Copy from the first line below down to and including the line with "Torradeira Comercial DynaLiving". Skip the pictures.

Stored dataset items:
==========

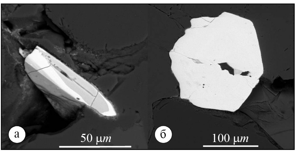 Рис. 1. Изображения типичных зерен ряда колумбит-(Fe) – танталит-(Fe) (а) и тапиолита (б), обратно-отраженные электроны.
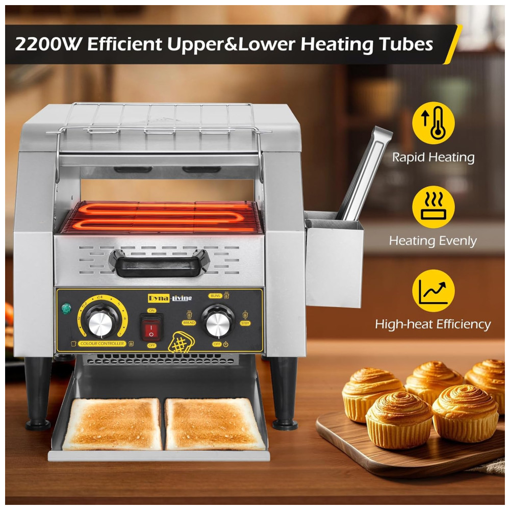 Torradeira Comercial DynaLiving 300 Fatias/Hora Para Restaurante Torradeira de Esteira Comercial em Aço Inoxidável para Uso Pesado 110V 2200W 300 Fa
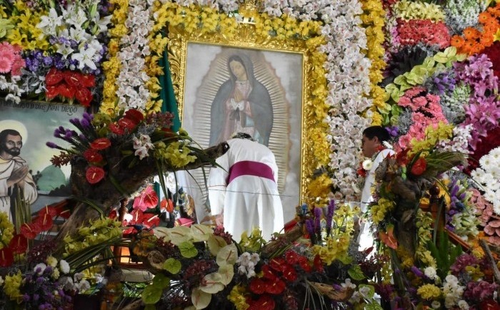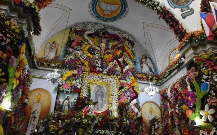 La Perla, Ver.- (AVC) Con una procesión sobre tapetes de aserrín y una misa solemne en la Parroquia de Santa María Virgen de Guadalupe, la cual fue forrada con millones de flores de la zona serrana, dieron inicio las fiestas patronales de La Perla. Al mediodía inició la procesión sobre la Avenida Principal o Independencia esquina La Palma, la cual fue acompañada por la banda de viento y cientos de fieles católicos hasta llegar a la Parroquia que fue vestida con rosas, orquídeas, alcatraces y demás flores La devoción por la Morenita del Tepeyac se hizo presente y el Obispo Eduardo Cervantes Merino a su paso dio la bendición a la feligresía, quienes llevaban consigo su imágenes de la Virgen Morena o a sus pequeños que iban vestidos de "inditos e inditas" simbolizando la aparición que hizo a San Juan Diego hace 491 años pidiendo la edificación de su "Casita". Al llegar a la entrada principal realizó la aspersión de agua bendita a los asistentes y posteriormente a los arreglos florales que vestían la parroquia; posteriormente dio inicio a la eucaristía en la que previamente se llevó a cabo la colocación de la rosa blanca a cargo de la joven de la comunidad que fue elegida para este fin.
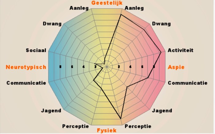 De Aspie-Quiz is erg gedetailleerd, kan zelf gescoord worden, heeft een breed scala aan vraag types, er zijn uitgebreide statistische gegevens online beschikbaar en je kan zowel zien hoe autistisch als hoe neurotypisch je bent, zowel visueel, kwantitatief als kwalitatief. De ‘look en feel’ doet eerder oldschool nerdy aan en de vragen zijn vrij voorspelbaar.
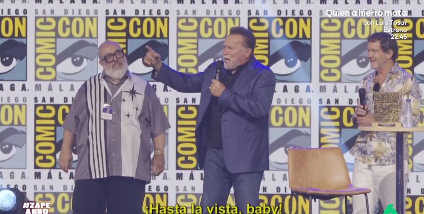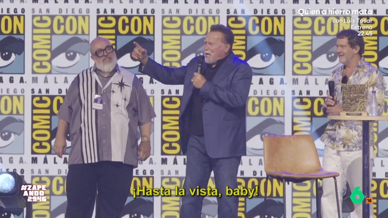 Zapeando analiza en este vídeo uno de los grandes momentos de la San Diego Comic Con de Málaga: el homenaje de Antonio Banderas y Álex de la Iglesia a Arnold Schwarzenegger y su frase "hasta la vista, baby".
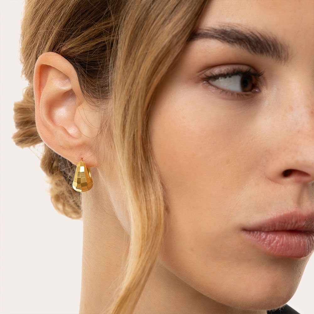 Un mondo di stile in un piccolo gioiello. Orecchini a cerchio in ottone riciclato con superficie martellata, dall’effetto luminoso e sofisticato. La texture sfaccettata cattura la luce a ogni movimento, per un tocco di eleganza discreta ma decisa. Chiusura a scomparsa, perfetti per un indosso pratico e quotidiano. Diametro 1,5 cm. Nickel tested. Lavorazione artigianale. Gioielli fatti a mano, unici e artigianali, perfetti per tutti i tuoi look o come idea regalo.

==========

## TASK ANSWER
 Рис. 1. Изображения типичных зерен ряда колумбит-(Fe) – танталит-(Fe) (а) и тапиолита (б), обратно-отраженные электроны.
 Torradeira Comercial DynaLiving 300 Fatias/Hora Para Restaurante Torradeira de Esteira Comercial em Aço Inoxidável para Uso Pesado 110V 2200W 300 Fa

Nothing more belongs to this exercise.